Cross Validation in Weka

So, here is the scenario again: you have 100 labeled data

Use training set

  • weka will take 100 labeled data
  • it will apply an algorithm to build a classifier from these 100 data
  • it applies that classifier AGAIN on these 100 data
  • it provides you with the performance of the classifier (applied to the same 100 data from which it was developed)

Use 10 fold CV

  • Weka takes 100 labeled data

  • it produces 10 equal sized sets. Each set is divided into two groups: 90 labeled data are used for training and 10 labeled data are used for testing.

  • it produces a classifier with an algorithm from 90 labeled data and applies that on the 10 testing data for set 1.

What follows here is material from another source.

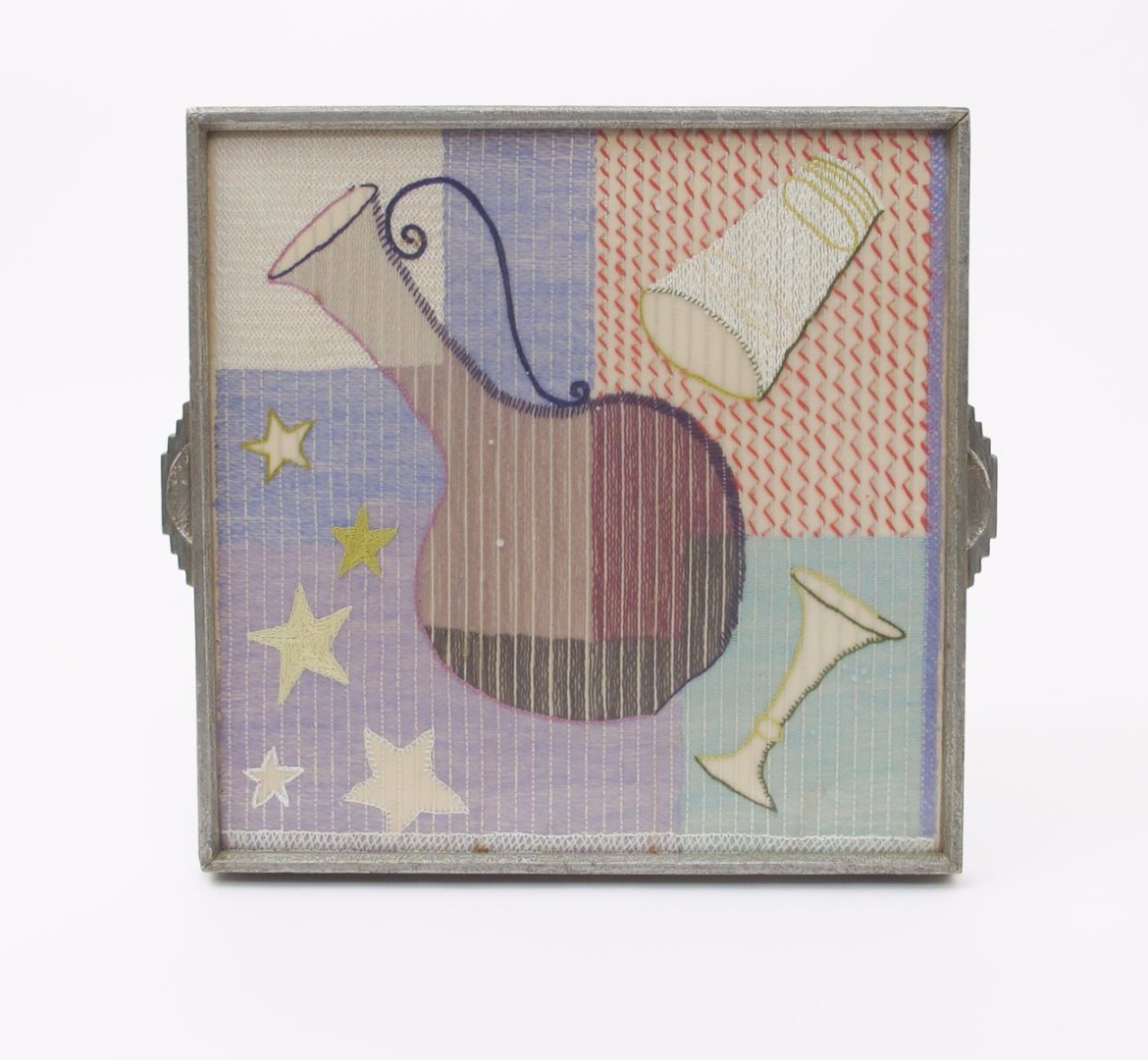 A Rowley Gallery embroidered tray, square section, embroidered with a carafe and drinking vessels, in coloured silk threads, glazed and with silvered wooden frame and stepped handles, applied Rowley stamp 40cm wide.

  • It does the same thing for set 2 to 10 and produces 9 more classifiers

  • it averages the performance of the 10 classifiers produced from 10 equal sized (90 training and 10 testing) sets

Let me know if that answers your question.


I would have answered in a comment but my reputation still doesn't allow me to:

In addition to Rushdi's accepted answer, I want to emphasize that the models which are created for the cross-validation fold sets are all discarded after the performance measurements have been carried out and averaged.

The resulting model is always based on the full training set, regardless of your test options. Since M-T-A was asking for an update to the quoted link, here it is: https://web.archive.org/web/20170519110106/http://list.waikato.ac.nz/pipermail/wekalist/2009-December/046633.html/. It's an answer from one of the WEKA maintainers, pointing out just what I wrote.